Copy the records below word for word, from the first line through the line that contains "Rumaithiya Park Block 6", and leave out any pictures.

Working data:
Segment Open

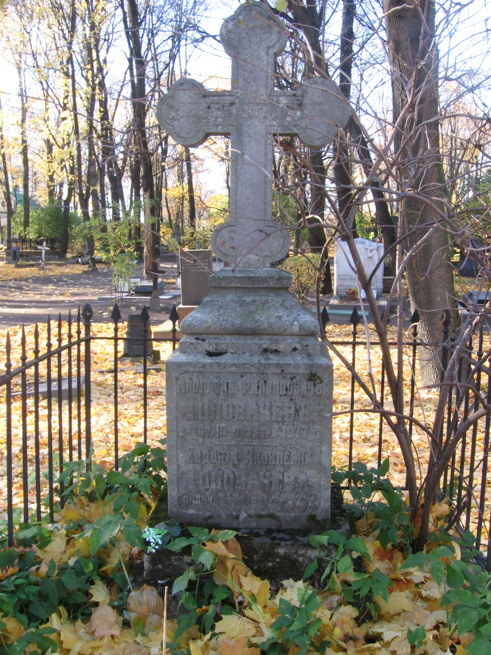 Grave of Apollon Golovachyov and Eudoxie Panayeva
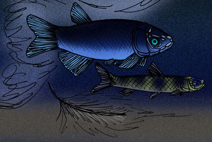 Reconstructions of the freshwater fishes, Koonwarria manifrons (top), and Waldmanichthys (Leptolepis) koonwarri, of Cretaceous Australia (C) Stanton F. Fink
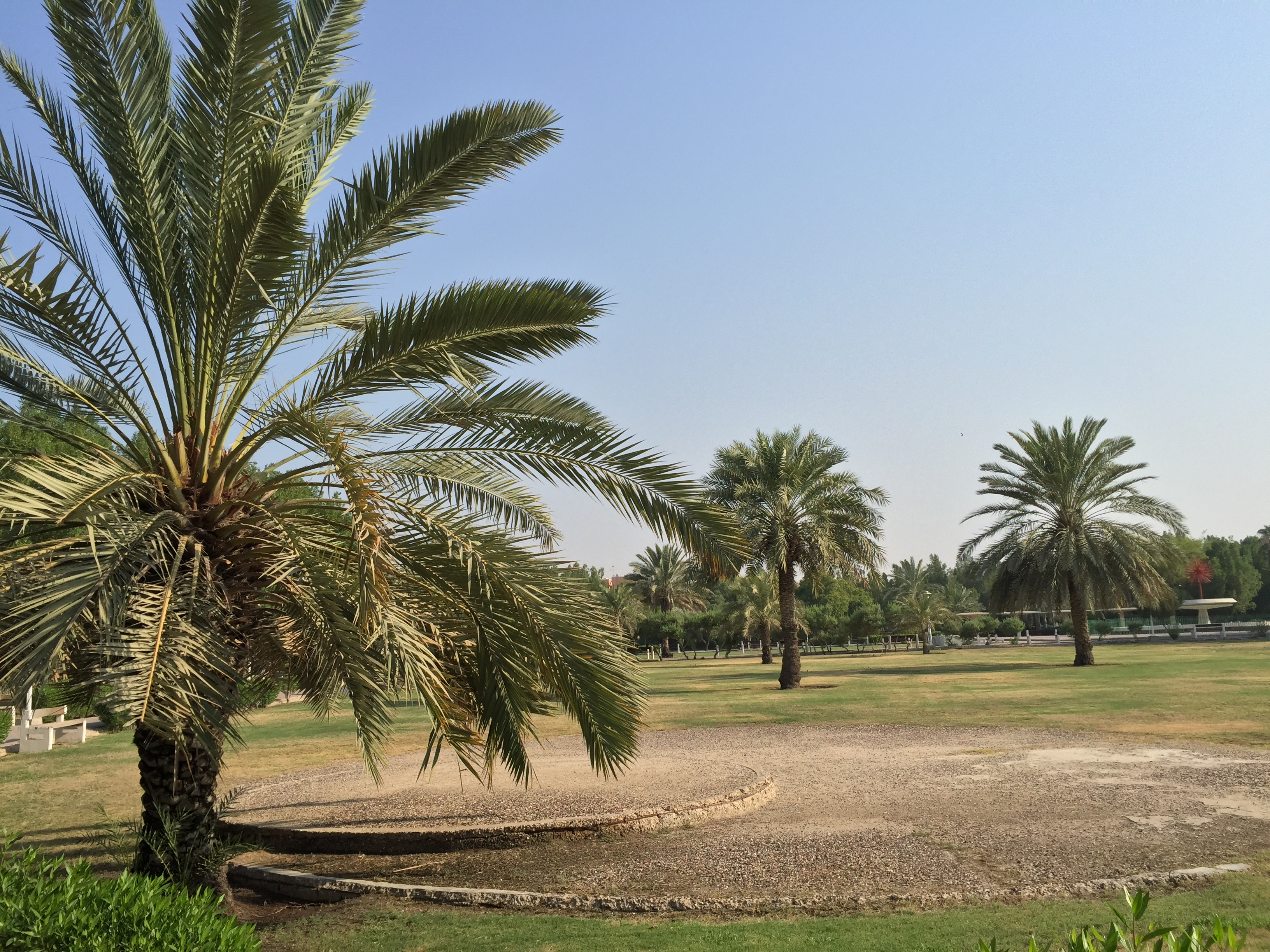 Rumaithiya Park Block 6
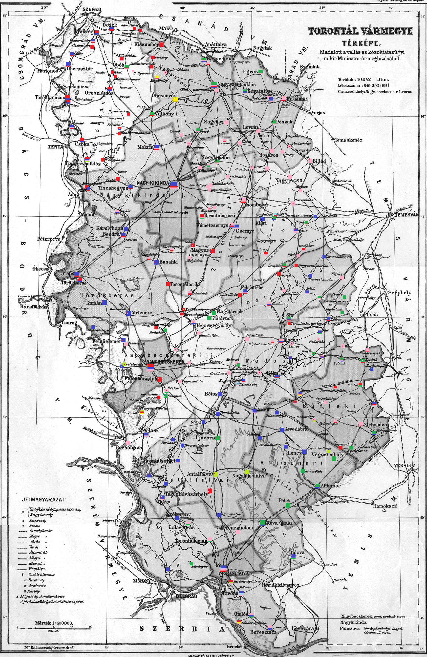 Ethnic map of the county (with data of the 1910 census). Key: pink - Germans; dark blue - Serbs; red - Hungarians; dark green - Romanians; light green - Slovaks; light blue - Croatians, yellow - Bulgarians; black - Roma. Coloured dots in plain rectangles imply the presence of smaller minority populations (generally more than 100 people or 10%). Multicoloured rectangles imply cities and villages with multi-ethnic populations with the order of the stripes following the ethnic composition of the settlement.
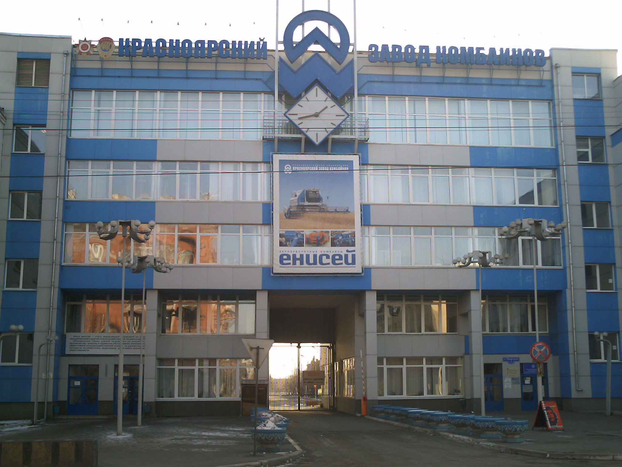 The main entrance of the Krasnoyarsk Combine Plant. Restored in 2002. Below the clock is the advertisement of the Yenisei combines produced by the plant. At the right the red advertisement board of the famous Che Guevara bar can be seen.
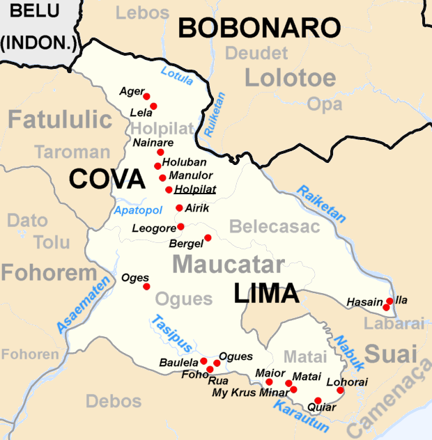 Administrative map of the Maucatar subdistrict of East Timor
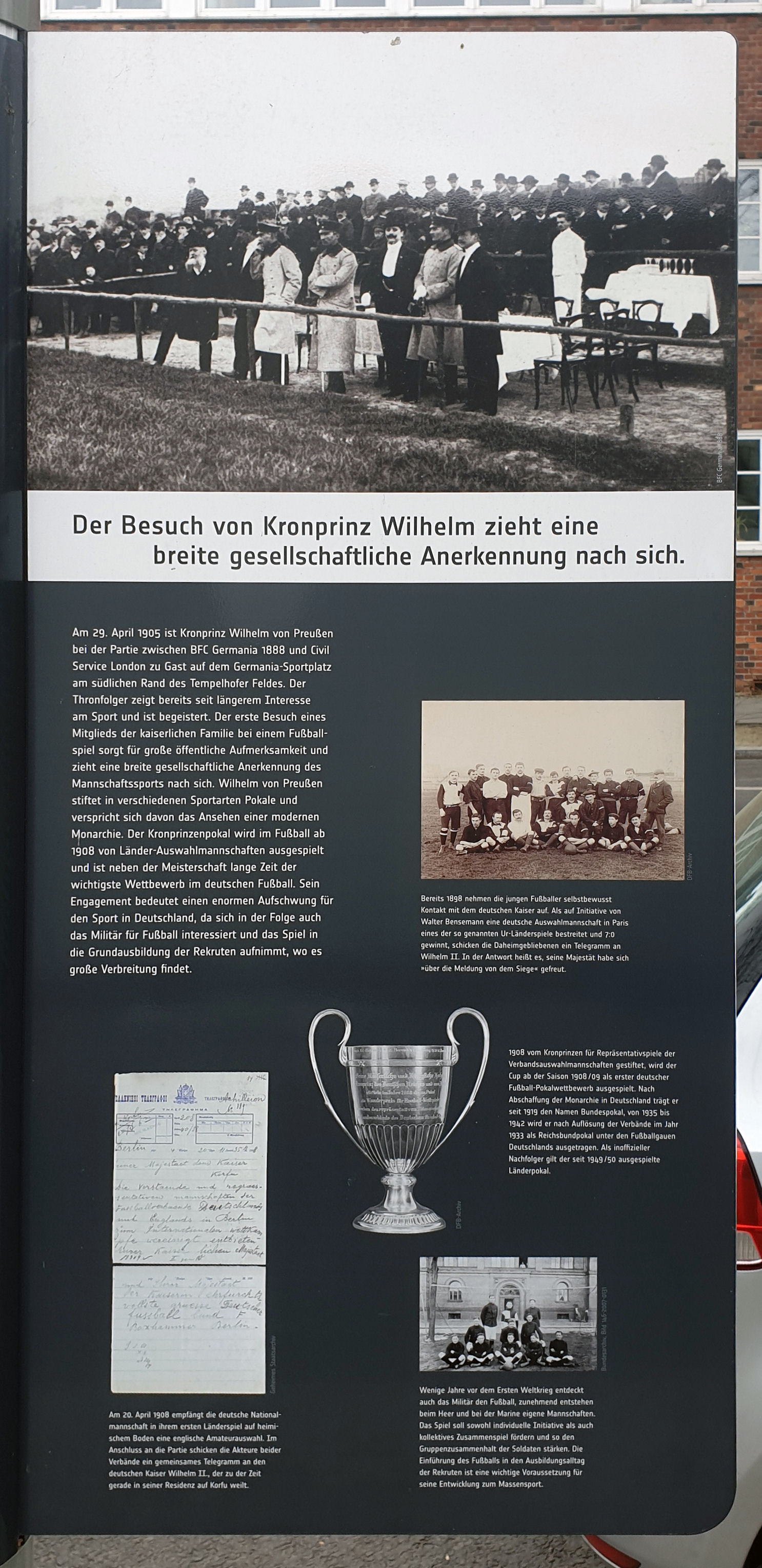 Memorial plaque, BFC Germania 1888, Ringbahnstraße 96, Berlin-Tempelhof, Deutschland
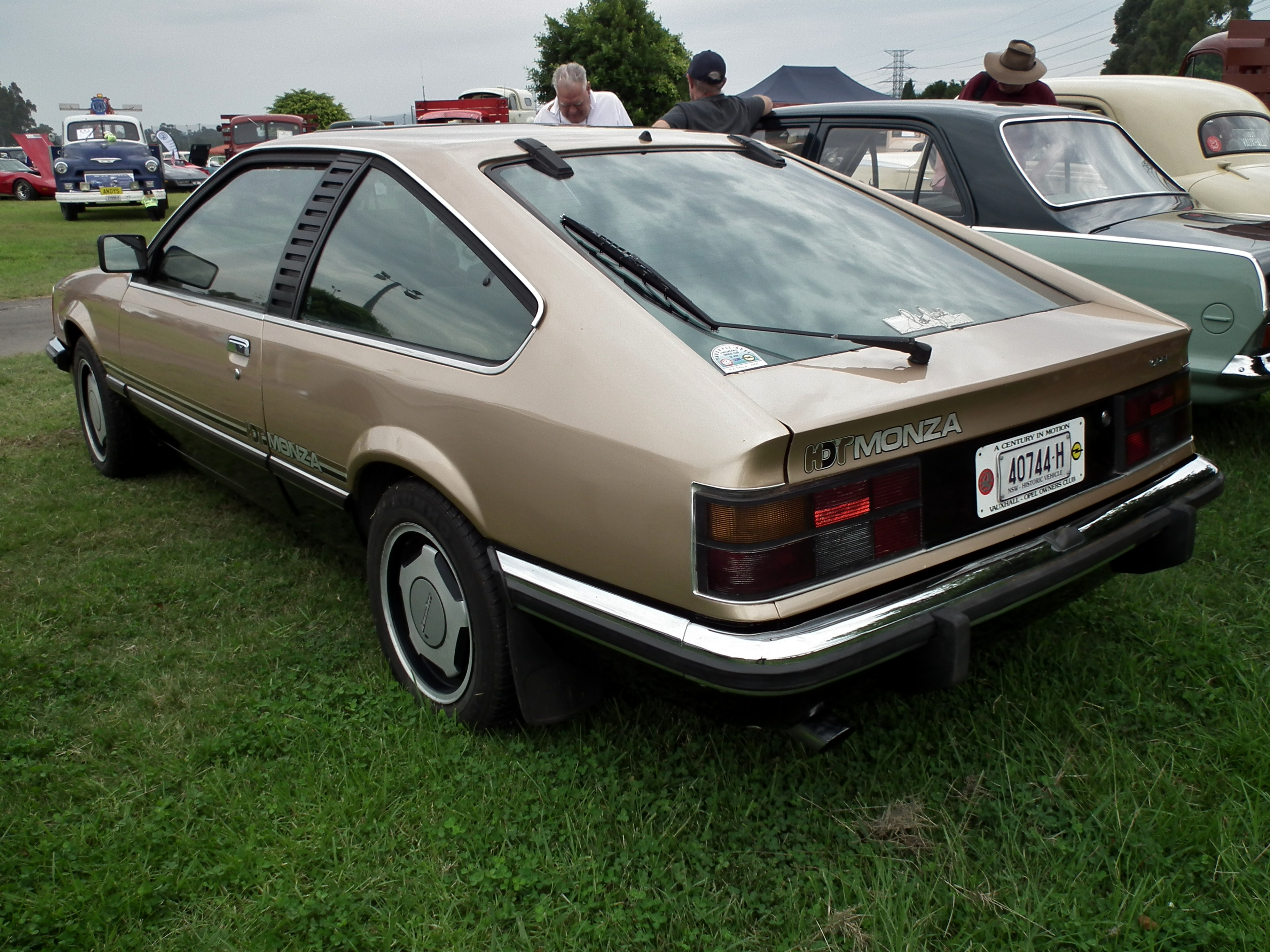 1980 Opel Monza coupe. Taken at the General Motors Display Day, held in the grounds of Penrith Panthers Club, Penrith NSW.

Segment Closed

Problem solution:
 Grave of Apollon Golovachyov and Eudoxie Panayeva
 Reconstructions of the freshwater fishes, Koonwarria manifrons (top), and Waldmanichthys (Leptolepis) koonwarri, of Cretaceous Australia (C) Stanton F. Fink
 Rumaithiya Park Block 6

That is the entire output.